The invention also relates to a gearbox, that is suitable for use in a screw compressor according to the invention, whereby the housing of the compressor element is provided with a mounting surface for building onto a compressor element and whereby the housing is provided with channels for the respective supply and removal of oil and coolant to the compressor element, whereby these channels are at least partially integrated internally in the gearbox and lead to or start from the aforementioned mounting surface.

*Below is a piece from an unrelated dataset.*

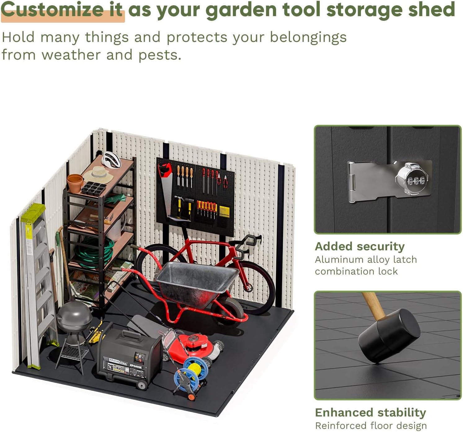 - Sturdy Plastic Floor Base for Enhanced Stability: Our outdoor resin shed features a robust plastic floor base, offering a secure foundation for storing your outdoor tools and equipment. It provides added protection against water damage and moisture, keeping your belongings safe and dry.
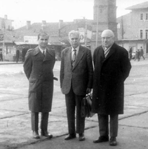 Foto sağdan: Osman Attilâ. Şair Orhan Şaik Gökyay ve İ.Ü.Nasrattınoğlu

BRIEF DESCRIPTION OF THE DRAWINGS

With the intention of better showing the characteristics of the invention, a few preferred embodiments of a screw compressor according to the invention and a compressor element and gearbox thereby applied are described hereinafter by way of an example, without any limiting nature, with reference to the accompanying drawings, wherein:

FIG. 1 schematically shows a screw compressor according to the invention with a compressor element and a gearbox according to the invention;

FIG. 2 shows the screw compressor of FIG. 1, but with the compressor element and the gearbox separated from one another;

FIG. 3 shows a view according to arrow F3 in FIG. 2;

FIG. 4 shows a cross-section according to the broken line IV-IV of FIG. 3;

FIG. 5 shows a two-stage screw compressor with a low pressure and a high pressure compressor element according to the invention.

DETAILED DESCRIPTION OF THE INVENTION

The oil-free screw compressor 1 shown in FIGS. 1 and 2 is composed of a compressor element 2 and gearbox 3.

As shown in FIG. 4 the compressor element 2 comprises a housing 4 with two rotor chambers 5 in which helical rotors 6 and 7, respectively a male rotor 6 and female rotor 7, are mounted on bearings 10 by their respective shafts 8 and 9.

The rotor chambers 5 are sealed by means of shaft seals 11 that are affixed around the shafts 8 and 9.

The housing 4 of the compressor element 2 is provided with a mounting surface 12 by which the compressor element 2 is built onto a corresponding mounting surface 13 of the housing 14 of the gearbox 3 by means of bolts or similar not shown.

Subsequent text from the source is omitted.